▶ [Work order] Make an exact copy of the lines from the top of the entries below through the line with "Die Kehrseite der". Leave all pictures out.

══════

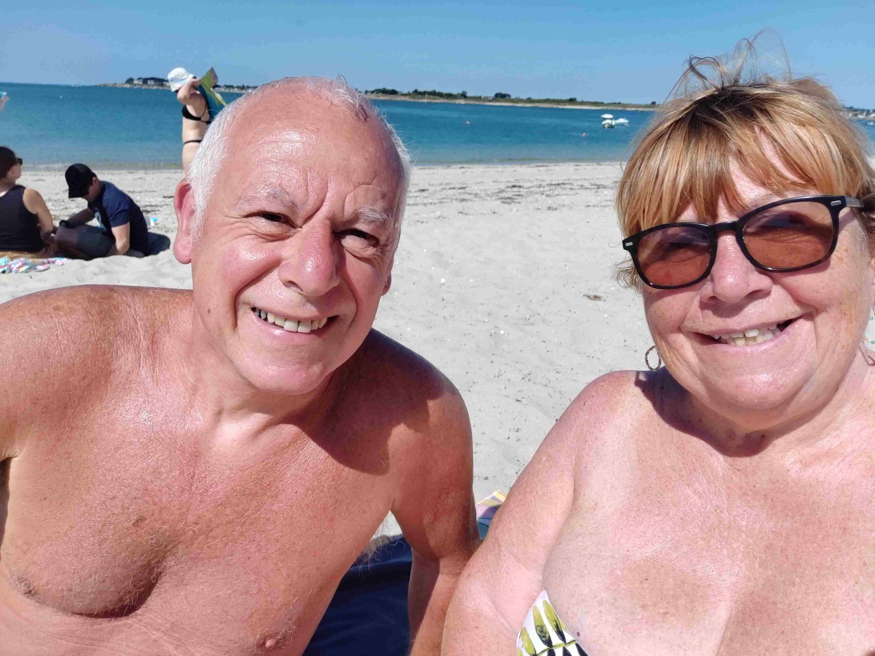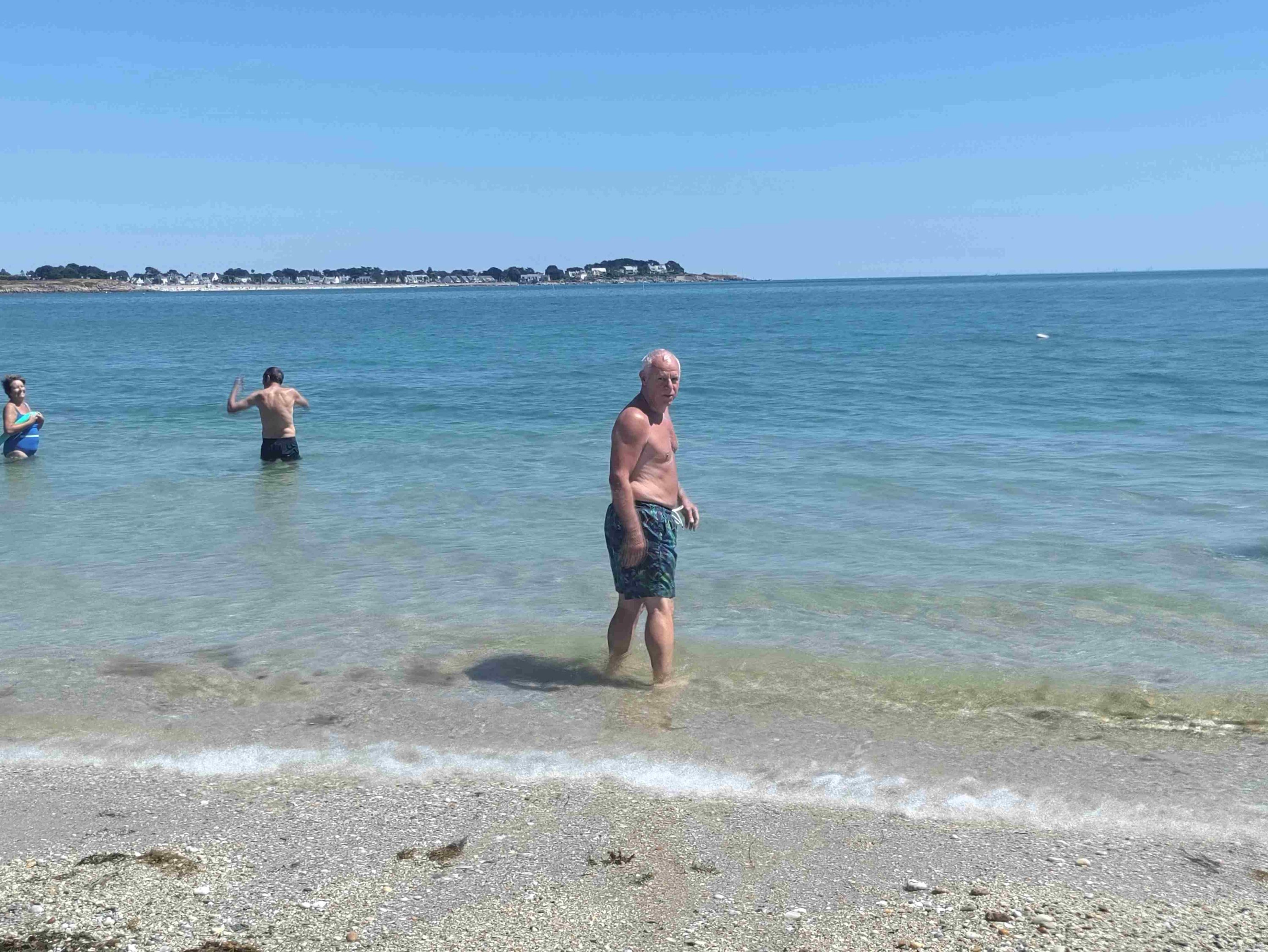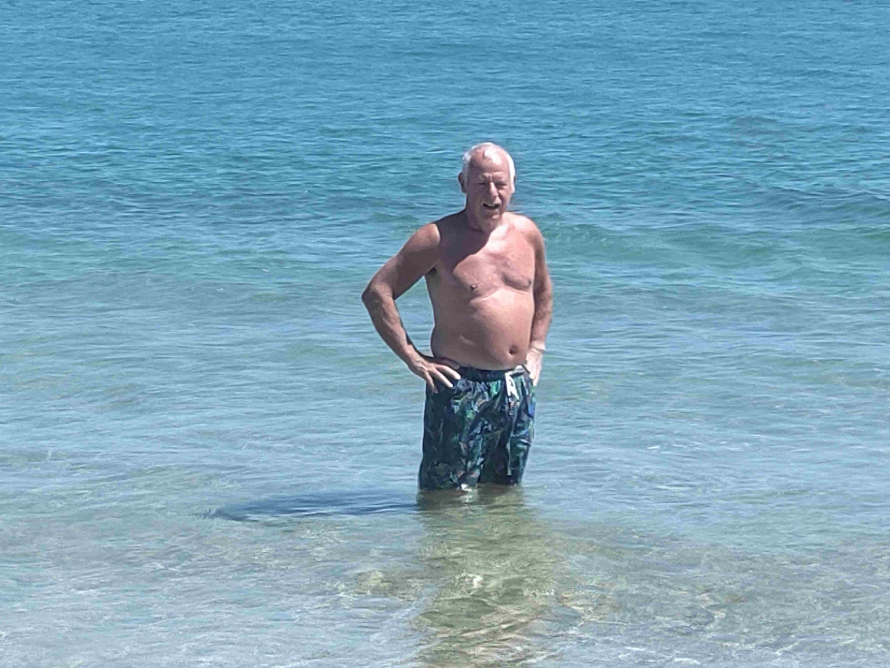 T gets into the water for a swim. It’s cold but lovely once you’re in he tells me. A couple of hours lying in the sun and the beach is a lot busier. We would have stayed longer but I admit I’m missing an umbrella and a beach chair.
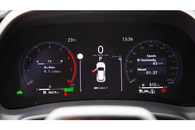 Die Kehrseite der Medaille solcher Fahrten ist der Spritverbrauch. Während sich der Lexus im Stadtbetrieb mit deutlich unter 5 Liter auf 100 km zufriedengibt und unter idealen Bedingungen sogar eine drei vor dem Komma erreicht, schnellt der Verbrauch auf der Autobahn schnell in ungeahnte Höhen. Zusammen mit dem winzigen Tank, der nur 36 Liter fasst, aber bei 28 Litern schon Null Kilometer Restreichweite anzeigt, ist die Pausenfrequenz fast höher als bei einem Elektroauto. Nur Nachtanken geht natürlich deutlich schneller…
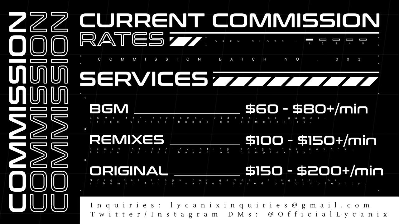 I take references in the form of YouTube links, Discord audio files, and/or MIDI files, and will use the reference material as ideas for the project. I reserve my creative freedom to work on the project with my aspirations and ideas following the client's prompt unless the client asks to imitate a certain element, which I will try to recreate as best as I can.
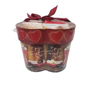 Home Essentials & Beyond 7 Piece Red Heart Fondue Set - Beautiful Lover Set for Chocolate Cheese. Brand new in box, the box does have signs of wear - shipping some of the set outside the original package to ensure safe delivery.
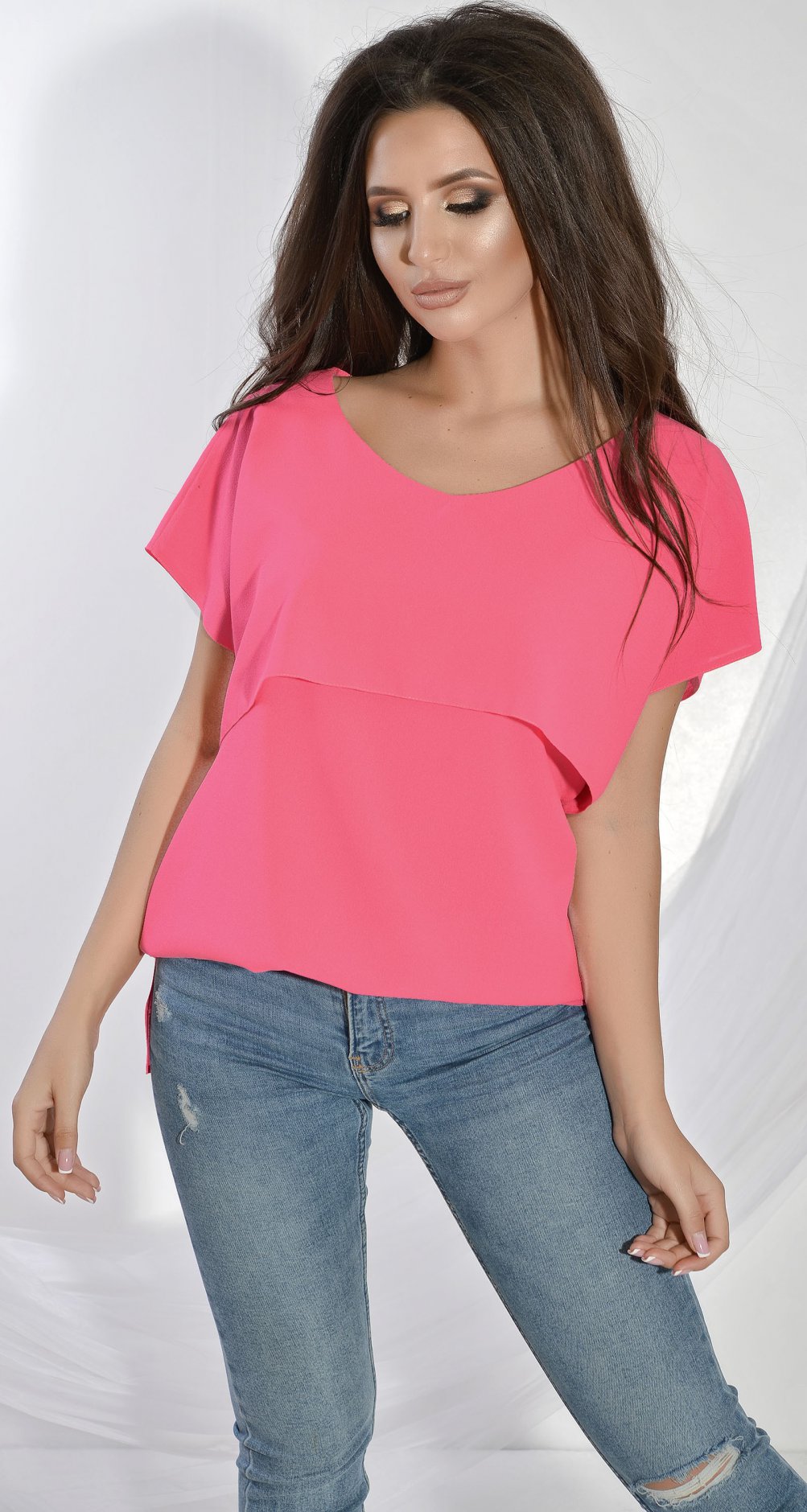 Блуза вільного крою з оборкою та подовжена ззаду.
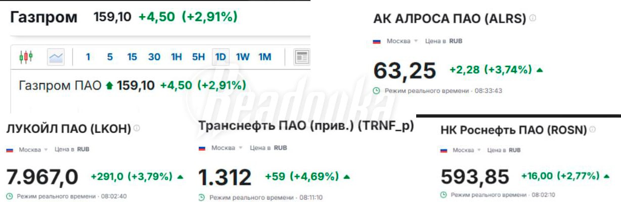 Индекс IMOEX2 (все сессии) этим утром обновил максимум с мая 2024 года, превысив 3292 пункта (+ 8,31%) — спрос инвесторов резко повысился после телефонного разговора Путина и Трампа, в котором лидеры стран обсудили возможность начала переговорного процесса по украинскому конфликту. По данным финансового портала Investing, в лидеры роста вырвались акции «Транснефти» (+4,69%), «Газпрома» (+4,50%), «АЛРОСА» (+3,74%), «Роснефти» (+2,77%) и «Лукойла» (+3,79%).
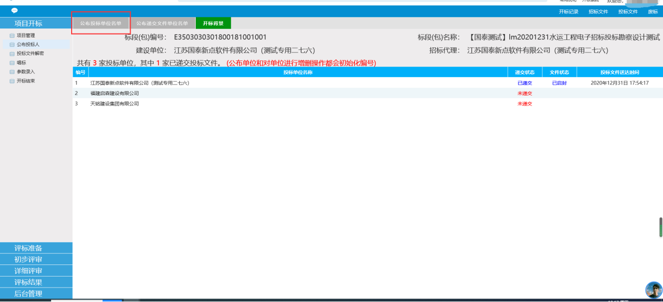 1、 进入项目后,点击左侧的公布投标人的公布投标单位名单(注:未到开标时间无法公布投标人)
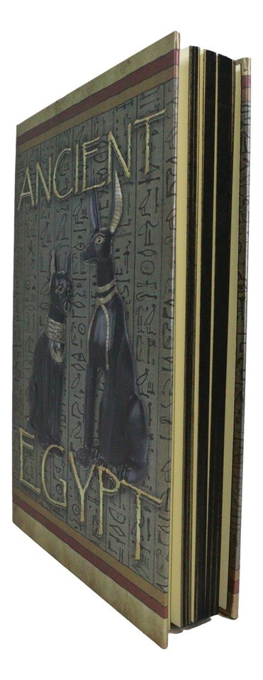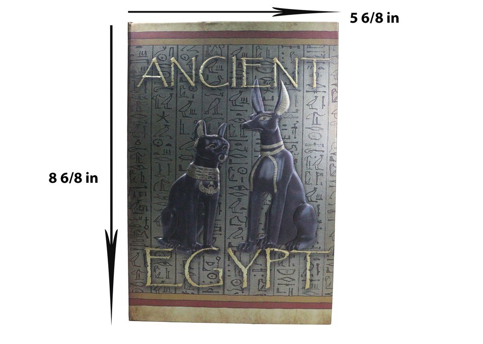 ? This stylized journal features a layer of embossed Egyptian hieroglyphics for a very dimensional look and feel. The journal feels good to hold and has a royal classical Egyptian colors of gold red and more on the background to accentuate the designs greater. The imprinted image features the god Anubis and goddess Bastet at the front cover. The words Ancient Egypt marks the top and bottom of the deities.

══════

▶ [Task output]
 T gets into the water for a swim. It’s cold but lovely once you’re in he tells me. A couple of hours lying in the sun and the beach is a lot busier. We would have stayed longer but I admit I’m missing an umbrella and a beach chair.
 Die Kehrseite der Medaille solcher Fahrten ist der Spritverbrauch. Während sich der Lexus im Stadtbetrieb mit deutlich unter 5 Liter auf 100 km zufriedengibt und unter idealen Bedingungen sogar eine drei vor dem Komma erreicht, schnellt der Verbrauch auf der Autobahn schnell in ungeahnte Höhen. Zusammen mit dem winzigen Tank, der nur 36 Liter fasst, aber bei 28 Litern schon Null Kilometer Restreichweite anzeigt, ist die Pausenfrequenz fast höher als bei einem Elektroauto. Nur Nachtanken geht natürlich deutlich schneller…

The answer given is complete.